Hill's date back to her childhood as a biracial girl bullied at a mostly white school. To the death of her dear friend Prince five years ago. And to this very day, as her Japanese mother gets hassled for "the China flu."
She addresses her issues on the powerful new album "Baby, I'm Hollywood," a magnetic collection showcasing Hill's rapturously passionate voice and remarkably diverse musicality.
"The driving message of [the album] is not running away from my life or any of the darkness," Hill said last month from her Los Angeles home. "You've got songs that deal with mental health and what it's like to deal with depression and just feeling lost and alone. I dig deeper into more personal emotions and inner thoughts on this record, but I also enjoy telling stories."
Hill, 36, wrote these tunes on tour in 2019. That's when she started to process her feelings and become a "newborn woman," which is the title of one of the songs, a syncopated, Billy Preston-ish piano jam about empowerment that she delivers with liberating sass.
"One day you can wake up feeling you're a newborn woman and the next day you could feel like a total loser again," she explained. "That's the journey of this album, the ups and downs of how I feel."

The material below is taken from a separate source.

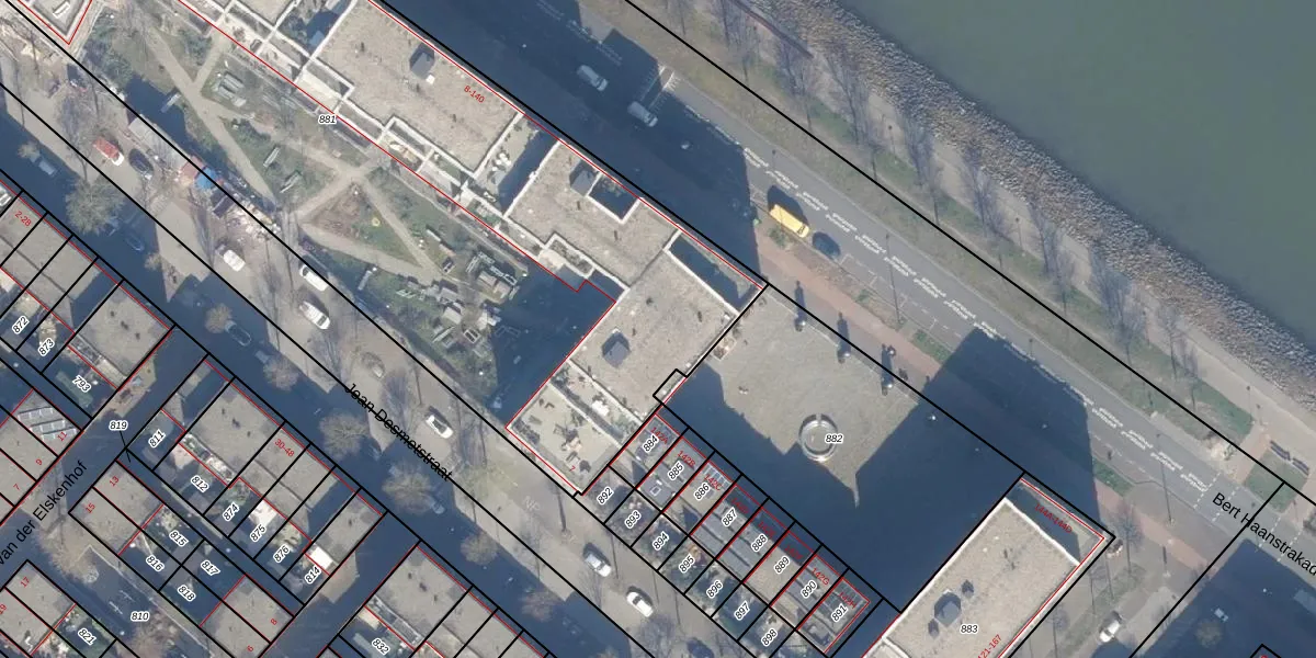 Het perceel waarop het adres ligt is ASD41-AU-881. De afkorting 'ASD41' staat voor kadastrale gemeente Amsterdam. Het perceel is 5022 m² groot. Dat is kleiner dan de gemiddelde perceeloppervlakte in Amsterdam, dat op 7296,83 m² ligt. Het kleinste perceel in de kadastrale gemeente is 0 m² groot. De grootste perceeloppervlakte is 2,75 km². Op het perceel zijn 110 adressen aanwezig. In de Basisregistratie Kadaster (BRK) werden de grenzen van het perceel geregistreerd op 10-02-2006.

The 14-song album's most fiery number, her recent single "Americana," sounds as if it were written during the post-George Floyd racial unrest of 2020. Hill says the invigorating rock-soul slammer is about racial identity and the effects of capitalism on communities of color.
"Being a biracial woman in America, sometimes you feel you're not American because you don't fit in the classic image," Hill explained. "They can't figure you out, and you're left on an island without a tribe. It's an identity struggle."